Telko.id – PT Tower Bersama Infrastructure Tbk (TBIG) menyatakan total penerbitan obligasi PUB TBIG II Tahap I Tahun 2016 sebesar Rp230 miliar.
Jika berkaca berdasarkan prospektus TBIG yang diterbitkan pada 1 Juni 2016, pada tahap pertama perusahaan Tower ini akan menerbitkan obligasi maksimal Rp600 miliar. Sekadar informasi, Penerbitan ini merupakan bagian dari PUB II dengan total target dana Rp5 triliun.
Lebih lanjut, tingkat kupon surat utang ini sekitar 9,25 persen untuk tenor lima tahun dan kupon dibayarkan setiap tiga bulan. Nantinya, penggunaan dana dari penawaran ini akan digunakan untuk pembayaran sebagian kewajiban finansial dari entitas anak perseroan, khususnya fasilitas B dari Credit Facilities yang ada.
Seperti diketahui, Obligasi TBIG Tahap I telah memeroleh pemeringkatan dari Fitch Indonesia, yakni ‘AA-‘. Obligasi ini juga akan terdaftar di Bursa Efek Indonesia dengan TBIG telah mempercayakan tiga perusahaan sekuritas sebagai pelaksana emisi obligasi, yakni PT CIMB Securities Indonesia, PT DBS Vickers Securities Indonesia dan PT Indo Premier Securities Indonesia.
”Penawaran obligasi rupiah 5 tahun ini mendiversifikasi sumber pendanaan kami dan juga memperpanjang jadwal pembayaran utang kami.

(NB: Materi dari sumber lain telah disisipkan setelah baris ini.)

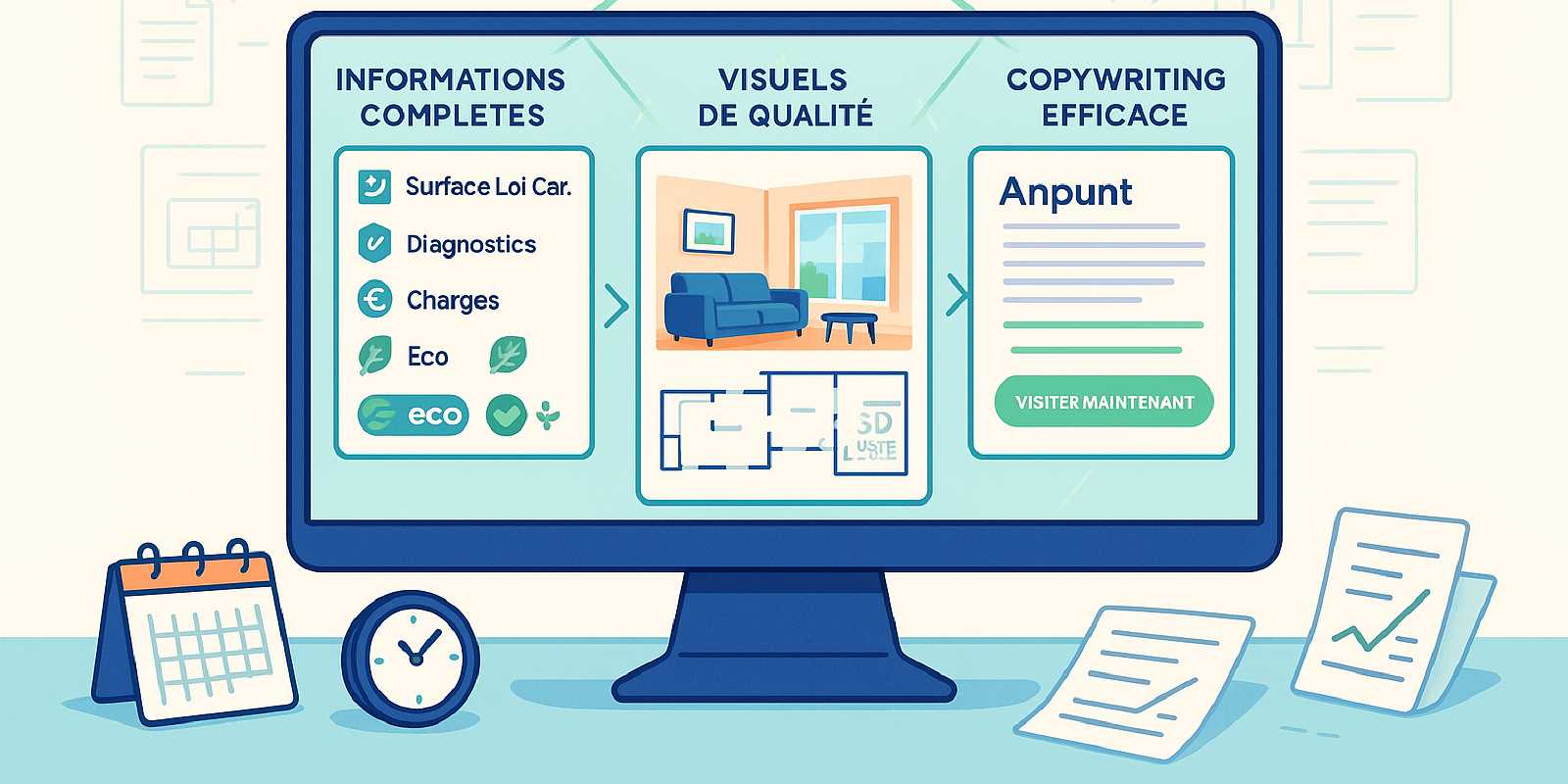 L’incertitude tue la conversion. Un acheteur qui ne trouve pas les informations qu’il cherche passe à l’annonce suivante. Une fiche descriptive appartement exhaustive répond à toutes les questions clés dès la première lecture et inspire confiance.
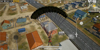 车库旁边的两栋房子都是三层的带天台的,我们任意选一座最近的降落然后从楼顶搜到一楼然后再去另一栋搜到楼顶就可以开始架枪了,在这期间保护好车库里的车,这也是我们跳这里的主要目的。这两栋房子的楼顶视野都非常好,而且围墙的高度足够让我们在趴下的时候处于无敌的状态,可以很好的观察M城的大面积区域。
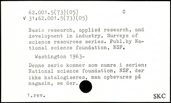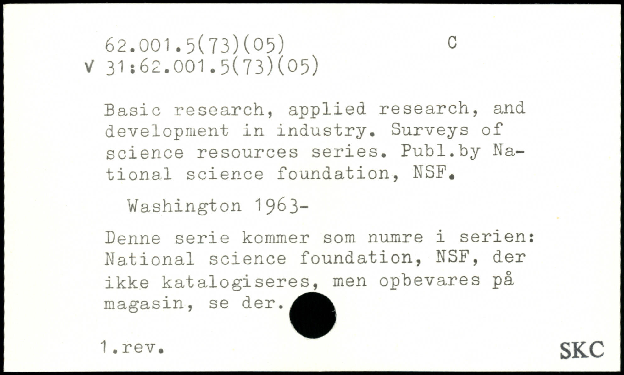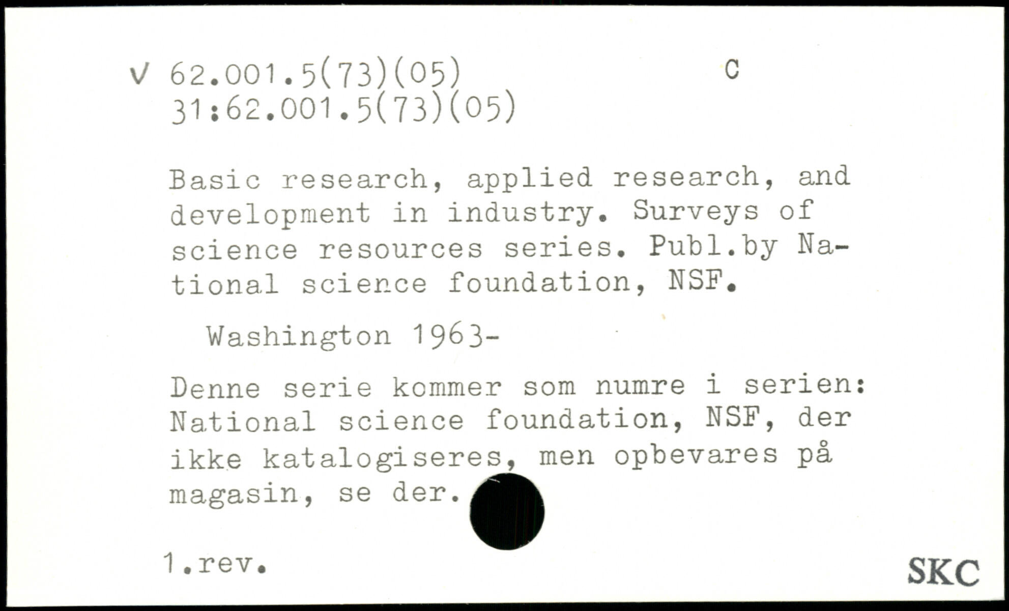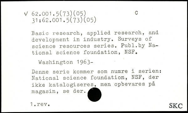 Basic research, applied research, and development in industry. Surveys of science resources series.
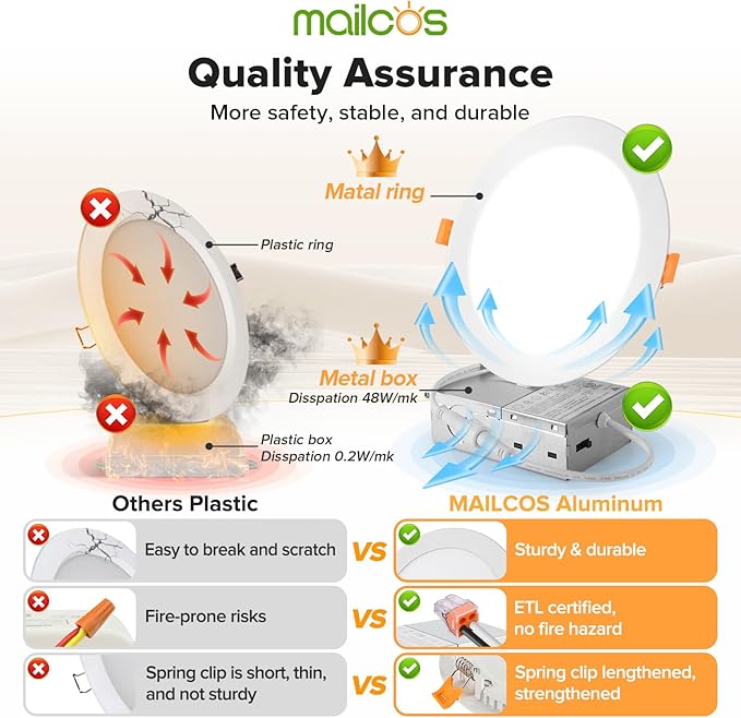 - Mailcos Strengths: Our whole light body is made of metal material and sprayed with wear-resistant white paint, the quality and safety of our lights are much higher than others made of plastic materials. And our led recessed lights enjoy 50000 hours life span. We provide 7*24h after-sales service. Contact us if any issue arises.
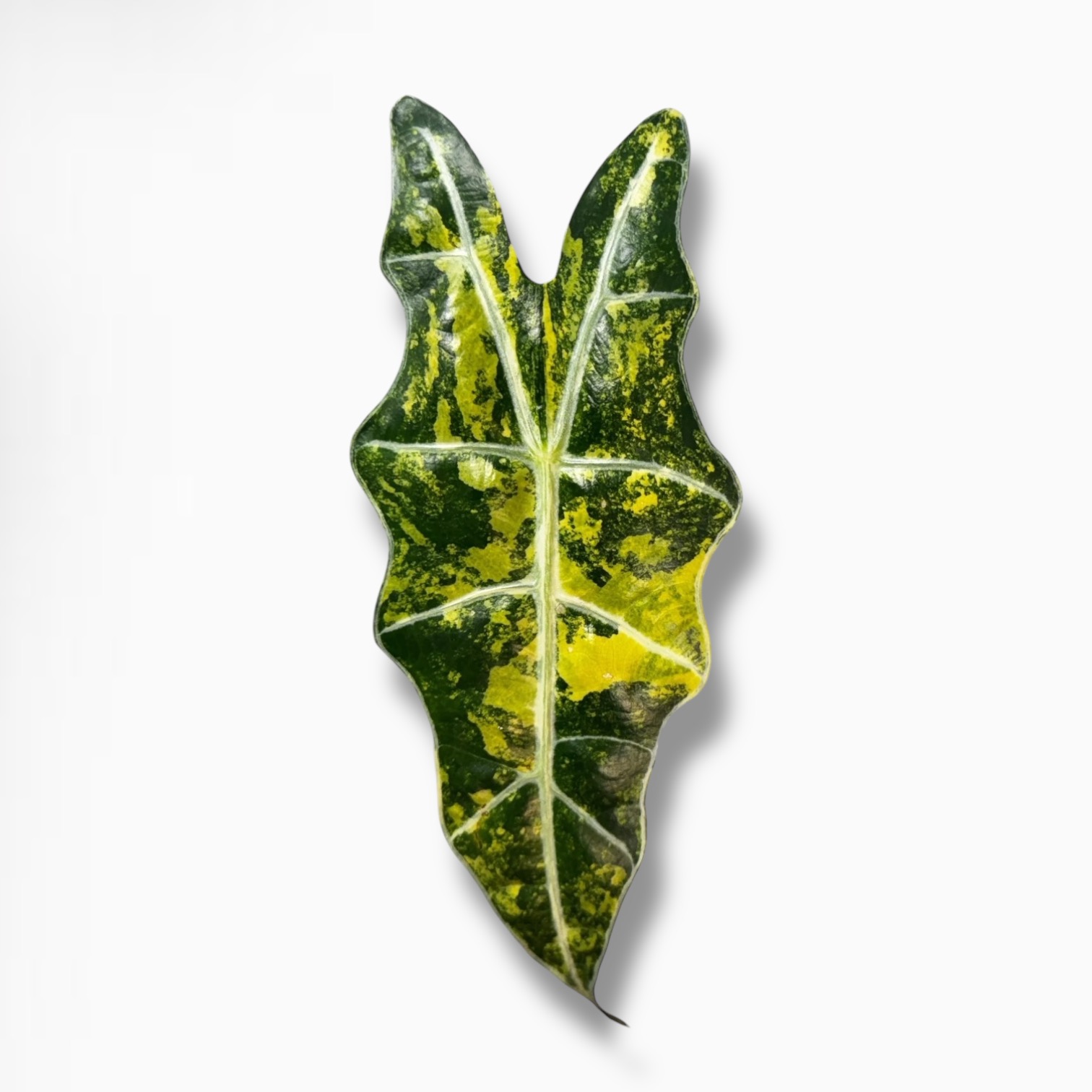 Алоказия Сандериана Вариегата — редкая вариегатная форма культовой Alocasia sanderiana с хищной графикой и контрастной окраской. Листья узкие, стреловидные, с глубокими вырезами по краю и ярко выраженными светлыми прожилками. Вариегатность проявляется в кремовых, светло-жёлтых и салатовых участках, которые резко контрастируют с тёмно-зелёной, почти чёрной основой. Каждый лист уникален.
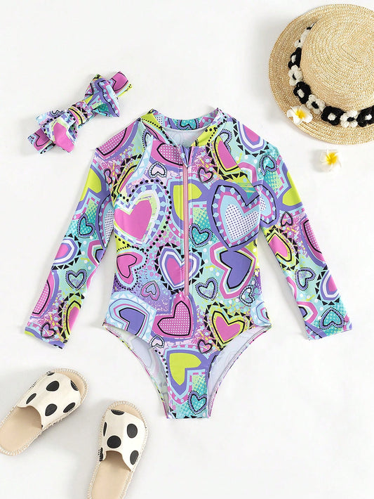Traje De Baño De Una Pieza De Manga Larga Para Niña Con Diadema Estampada

Kami berharap dapat terus menerbitkan obligasi rupiah untuk keperluan sebagian pendanaan di masa yang akan datang,” kata CEO TBIG, Hardi Wijaya Liong, seperti dilansir dari Okezone (29/6).
TBIG sendiri tahun ini akan menambah penyewa hingga 2.000 tenant dengan maksud untuk menambah akuisisi menara BTS untuk memenuhi kebutuhan.
“Kami sudah punya dana Rp1,5-2 triliun. Anggaran ini bisa digunakan untuk membangun menara baru, pemeliharaan menara, atau membayar sebagian utang, tergantung dari kondisi sepanjang tahun ini,”ucap Direktur Keuangan Tower Bersama, Helmy Yusman Santoso beberapa waktu lalu.
Disebutkan, sumber dana ekspansi tersebut berasal dari EBITDA perseroan atau di luar pendanaan eksternal. Selain itu, anggaran tersebut juga tidak termasuk pendanaan akuisisi menara. Kata Helmy, saat ini perseroan belum menganggarkan belanja modal (capital expenditure/capex) secara spesifik. Sebab, bisnis menara tidak selalu tergantung dari berapa banyak menara baru yang dibangun. Perseroan lebih fokus menambah jumlah tenant baru.
Dalam satu menara, lanjut dia, rata-rata terdiri atas enam tenant, tergantung dari lokasi menara. Sementara itu, menara baru akan dibangun ketika perseroan ingin memperluas wilayah ekspansi. Pembangunan satu menara membutuhkan dana sekitar Rp1-Rp1,5 miliar. “Kami mengincar tenant-tenant baru pada wilayah operasi di seluruh Indonesia, termasuk di kawasan timur Indonesia, seperti Ambon, Maluku, dan Papua,” jelas Helmy.
Dia menambahkan, sampai akhir tahun lalu, perseroan telah memiliki hampir 20 ribu tenant. Dengan demikian, jika perseroan mengincar 1.000-2.000 tenant baru, pertumbuhan yang diincar sepanjang 2016 sekitar 5-10 persen.
Pertumbuhan tenant baru akan dipicu oleh aksi emiten telekomunikasi yang menambah jumlah base transcevier station (BTS), setelah rampungnya penataan ulang (refarming) sejumlah frekuensi sejak akhir tahun lalu. “Pemerintah sudah menyelesaikan refarming frekuensi, ini membuat operator lebih pasti dalam menghitung BTS yang akan dibangun, dan tentu ini berdampak kepada bisnis menara,” jelas dia.